When does it end? The Pain, Frustration, and all the other crap that goes with Fibromyalgia.

Some days are harder than others to maintain a smile and be happy go lucky. I think back in days gone by of how I would climb the rocks in the foothills or go camping with the kids and shoot my bow and just have a great time. Now I go fishing for a few hours and I’m laid up for a day and a half trying to rest and relieve the Fibromyalgia pain in my body. This is so stupid! I feel like my silver lining is fading, I mean how long can a person stay focused on tomorrow? Of course that is me just venting, really I have no other choice than to remember tomorrow is another day.

I remember reading that with knowledge comes the responsibility to own the information. What I mean is that once I learn something new I have the obligation to apply the info to my life or however it is going to be used.
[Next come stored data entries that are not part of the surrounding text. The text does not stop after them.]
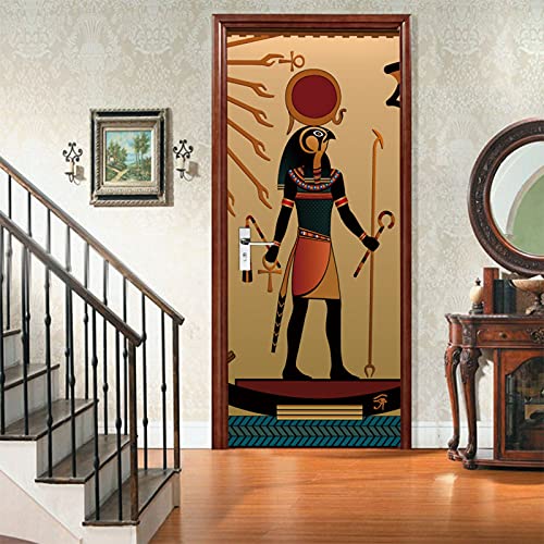 A.Monamour Adesivo Porta Autoadesiva Gli dei Dell'Antico Egitto Aton E Ra Vinile PVC Adesivi per Porte Interne 3D Pellicola Adesiva Poster Sticker Murale Parete Carta da Parati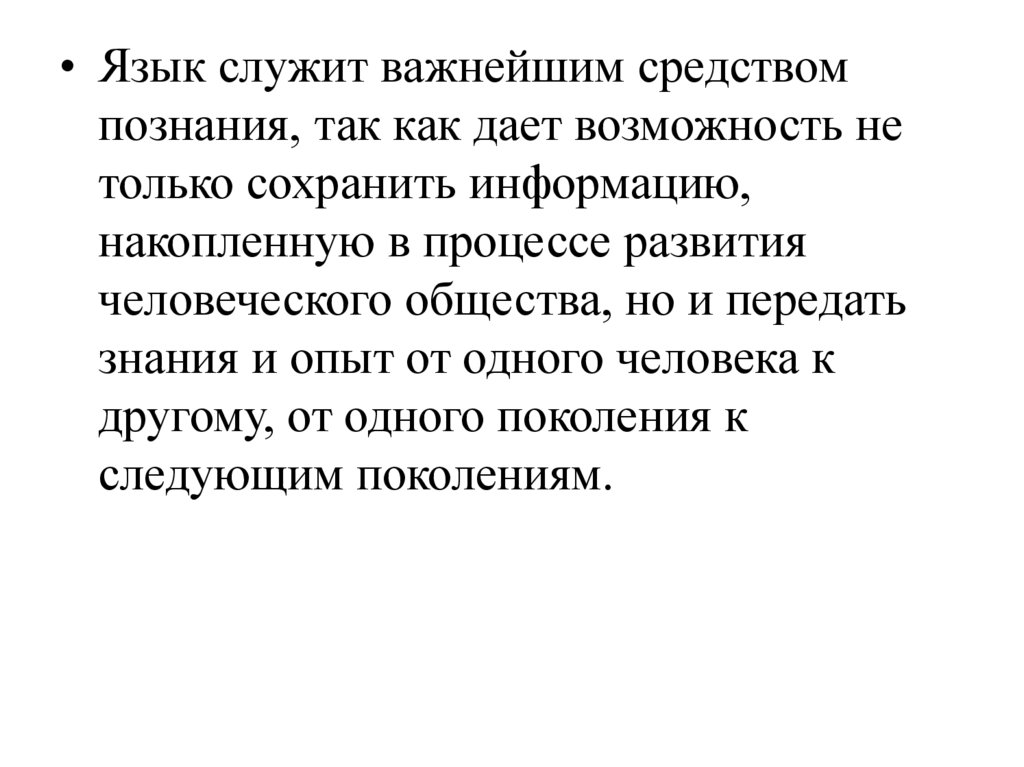 • Язык служит важнейшим средствомпознания, так как дает возможность не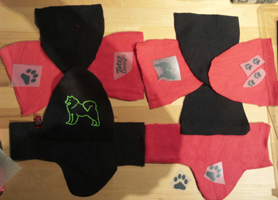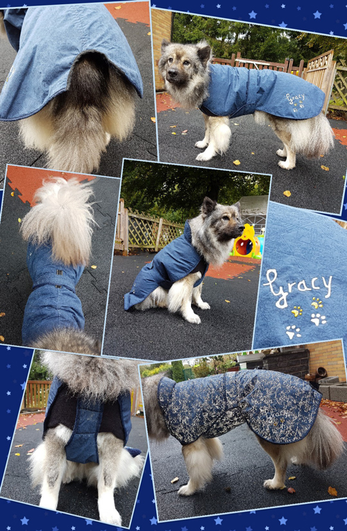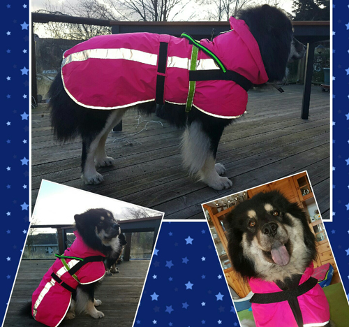 | Regendecken für unsere Eurasier angepasst und mit Geschirr versehen | |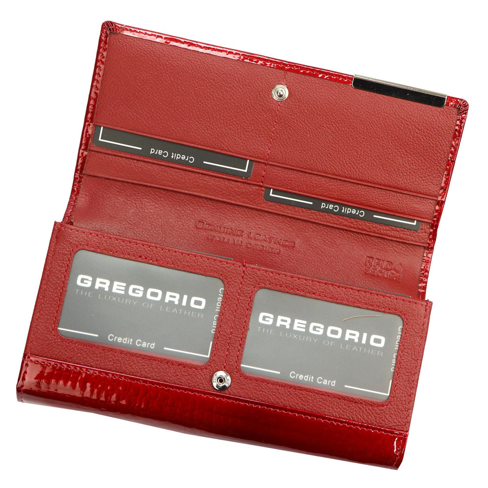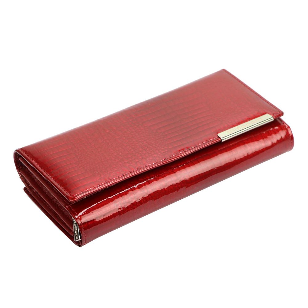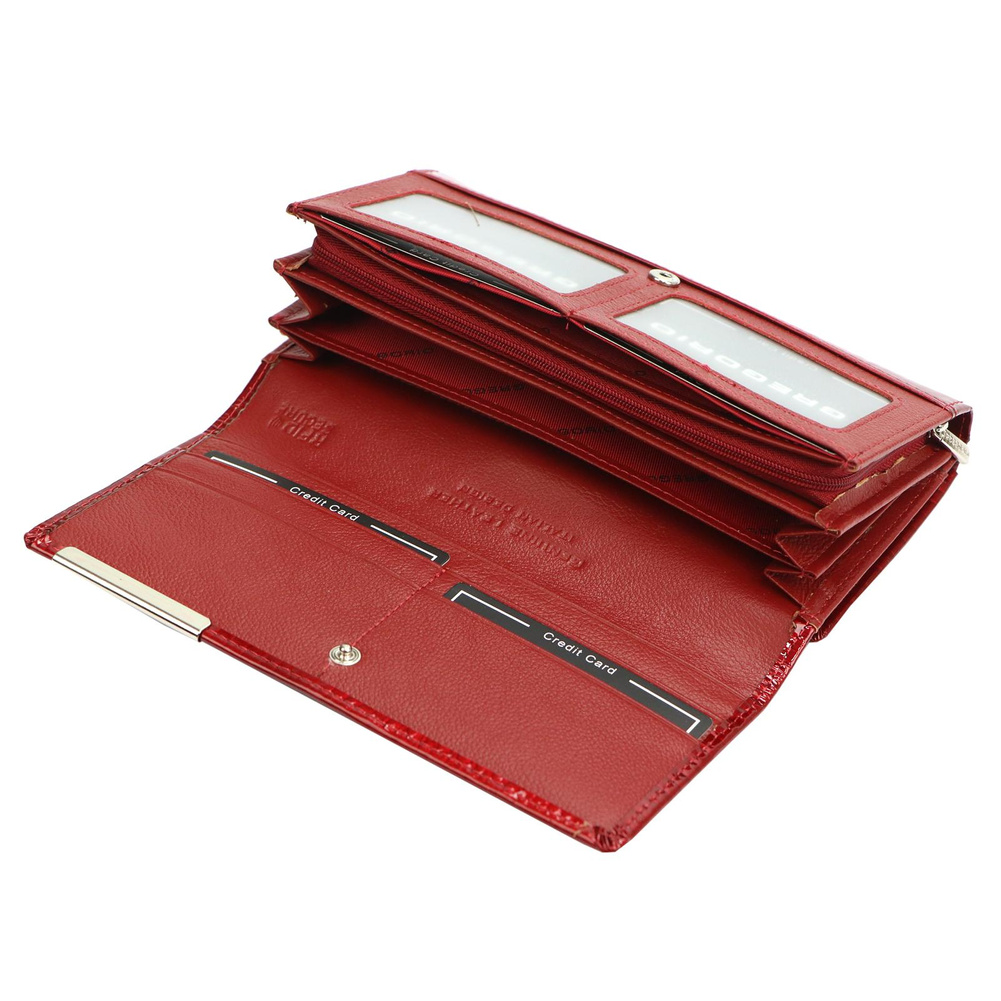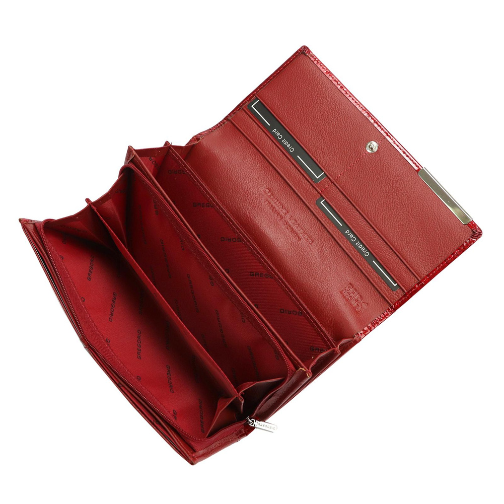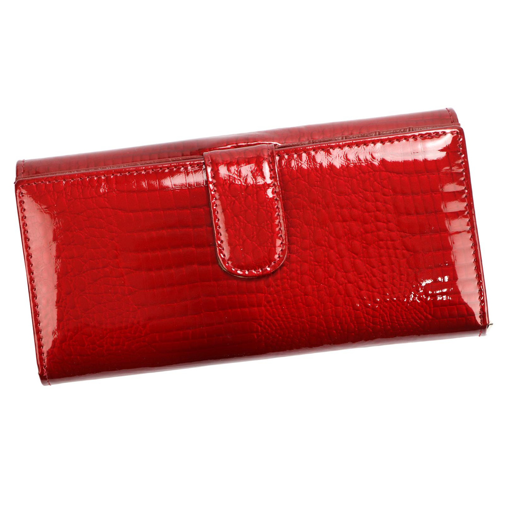 Portfel zamykany jest na solidny zatrzask, co gwarantuje szybki i wygodny dostęp do zawartości, jednocześnie zapewniając bezpieczeństwo przechowywanych przedmiotów. Jest to dodatek, który łączy estetykę z praktycznością, doskonale sprawdzając się w codziennym użytkowaniu.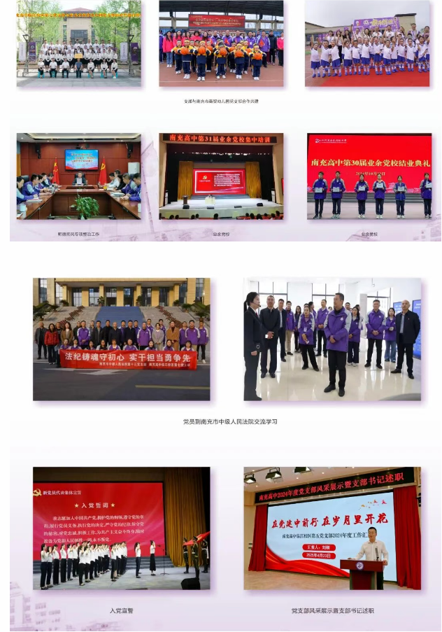 南充高中临江校区在学校党委的政治引领和统一部署下,坚持举旗定向,凝心聚力,将党的领导贯穿于校区教育教学与管理的全过程。五年来,根据学校党委制定的《关于加强党建工作的实施意见》等文件精神,校区积极参与学校意识形态工作大会、宣传思想工作大会、统战工作大会、党风廉政建设专题会。坚持“133”党建工作思路和“1+2+3”学习法,将习近平新时代中国特色社会主义思想融入立德树人全过程,充分挖掘学校红色资源有效融入思政课堂,引导广大青少年传承红色基因,厚植爱党爱国情怀。推动党史学习教育常态化、特色化开展,并将学习成果转化为“我为群众办实事”的实际行动。 将党纪学习教育与师德师风建设紧密结合,引导广大教师以教育家精神为标准,争当“四有”好老师,严守职业底线,弘扬新风正气。深入贯彻中央八项规定精神学习教育,持续改进工作作风,努力营造风清气正的育人环境,为实现“百年南高梦”贡献临江校区的磅礴力量。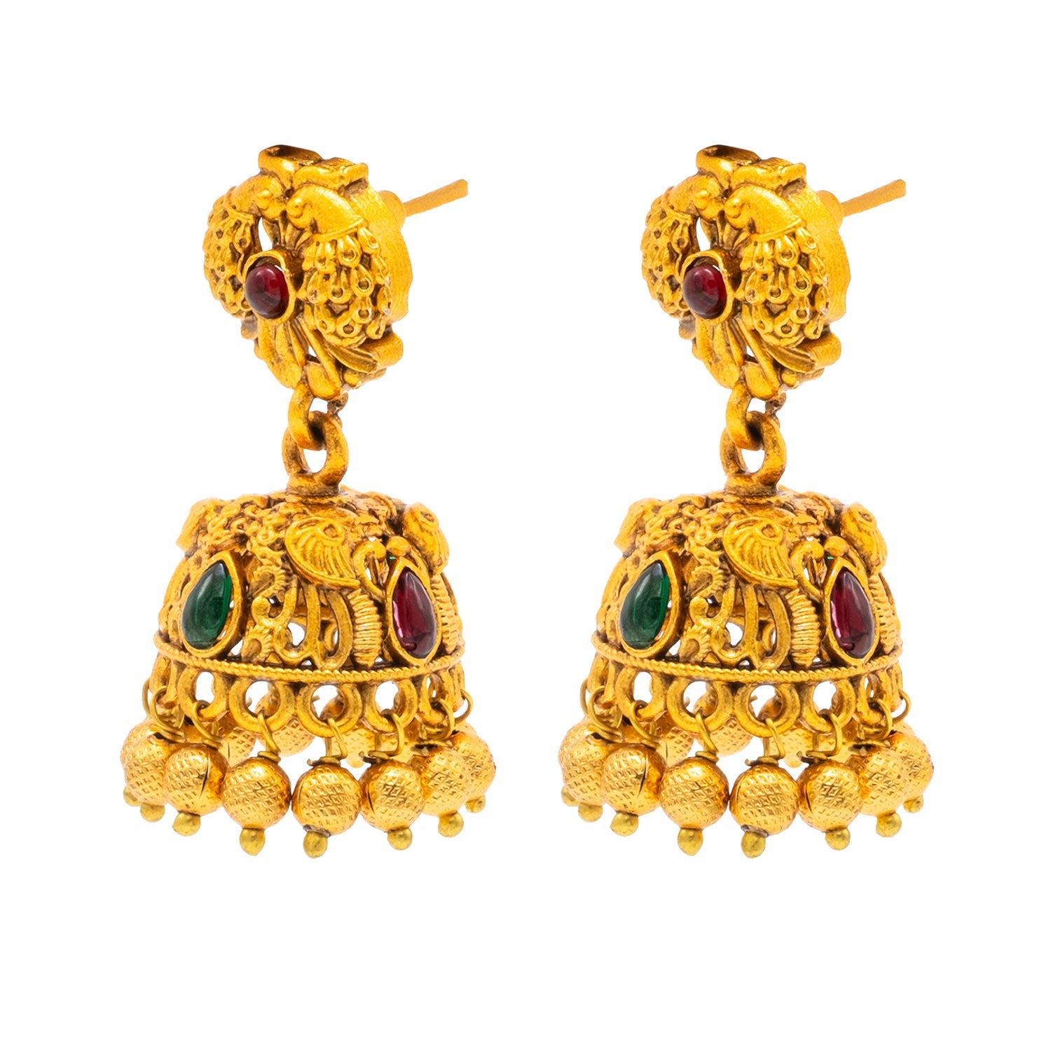 - Handcrafted Design: South Indian Gold Plated Elegant and traditional Laxmi design with Flower etc, featuring intricate craftsmanship for a timeless bridal look Jhumka Earring.

I can’t plead the 5th…I am responsible for me and the choices I make. This is true for my disorder too. I know what hurts or doesn’t so shame on me if I knowingly do something I know will have negative consequences. This is holding myself accountable to my actions.

Whether or not I have knowledge I still want to participate in outdoor activities so what am I supposed to do??

I guess I have to learn my limitations now. Like maybe not Billy goatin around on an island of rocks, while wading across a low section of a lake to access it. Or moving a large potted tree because I have an image of being super woman in my head. I don’t want to sit on the side lines and watch life go by. I really don’t like this condition.

I wake up and my spine from my tailbone to neck feels like someone has in a vice and/or I can barely lift my arms to brush my hair, among many other aches and pains. Days like this cause me to want to go back to bed and hit the redo button. A change in meds again and hopefully this will be the one that works. Who the hell knows, not me and obviously not to doctors.

My post today has really no meaning except for me to vent my frustrations to the world even though I know there is not a darn thing anyone can do. It seems like there’s not a whole lot even I can do. I know, lock myself in a room and stay in bed forever, maybe that won’t hurt. Now I’m whining, no time for that. I’m sure we all have our bad days but I just want mine to end so I can live! It doesn’t seem like much to ask, but whatever, I guess I’m along for the ride. I’m sure in the end, if there is one and it’s not my death, I will have learned something out of all of this.